School homework is 'polluting family life'

School homework is 'polluting family life'. Homework should be scrapped because it is “polluting” family life, according to a children’s author.

According to government guidelines, homework is not compulsory but it is encouraged. Photo: GETTY

All essays and worksheets should be completed at school amid claims they put too much pressure on families’ limited time.

Eleanor Updale, author of the award-winning Montmorency series of books, said a typical 30-minute classroom task often took three times as long after being “subcontracted” to parents.

She also claimed that homework was turning children into “couch potatoes” as they spent an increasing amount of time in their bedrooms instead of playing outside.

The comments will fuel the debate over the amount of school work completed at home.

According to government guidelines, homework is not compulsory but it is encouraged.

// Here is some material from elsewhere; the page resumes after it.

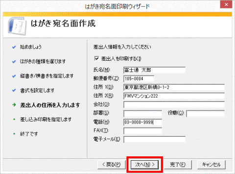 - 「差出人情報を入力してください」と表示されます。

Advice for schools in England says five-year-olds should do one hour a week, rising to 90 to 150 minutes a day at 16. Ten and 11-year-olds should complete half an hour of homework every day.

However, research has cast doubt on its effectiveness, and has even suggested that too much is counter-productive.

Last year, the Association for Teachers and Lecturers called for all homework for primary school children to be axed amid claims young pupils find the burden too “upsetting”.

Dr Updale, who is also a fellow at Queen Mary, University of London, said the educational establishment had to “break away from the automatic assumption that homework is a good thing”.


http://i.telegraph.co.uk/telegraph/multimedia/archive/01381/homework_1381111c.jpg
According to government guidelines, homework is not compulsory but it is encouraged. Photo: GETTY


“Modern families are short of shared time,” she said. “To pollute their homes with the values and anxieties of the classroom is a mistake.

“Children need space to themselves, free from the imperative to perform. In the muddle of undirected activity they may discover interests that last a lifetime.”

Writing in the Times Educational Supplement on Friday, she added: “Politicians complain that today’s children are turning into couch potatoes, slumped in front of their TVs or computer games.

“But what drives those children out of the garden, away from the kitchen table and in front of the screens in the first place? What gives them the excuse to cut themselves off? It’s homework.”

Dr Updale, whose Montmorency series of historical novels is currently being adapted for TV and won a Blue Peter award, said that schools themselves were often "victims of homework”.

“It needs setting, marking, policing and feedback, which eat time from the school day,” she said. “Cutting homework would reduce the burden teachers have to take home with them, diminishing the negative effect of their jobs on their own families.” ( telegraph.co.uk )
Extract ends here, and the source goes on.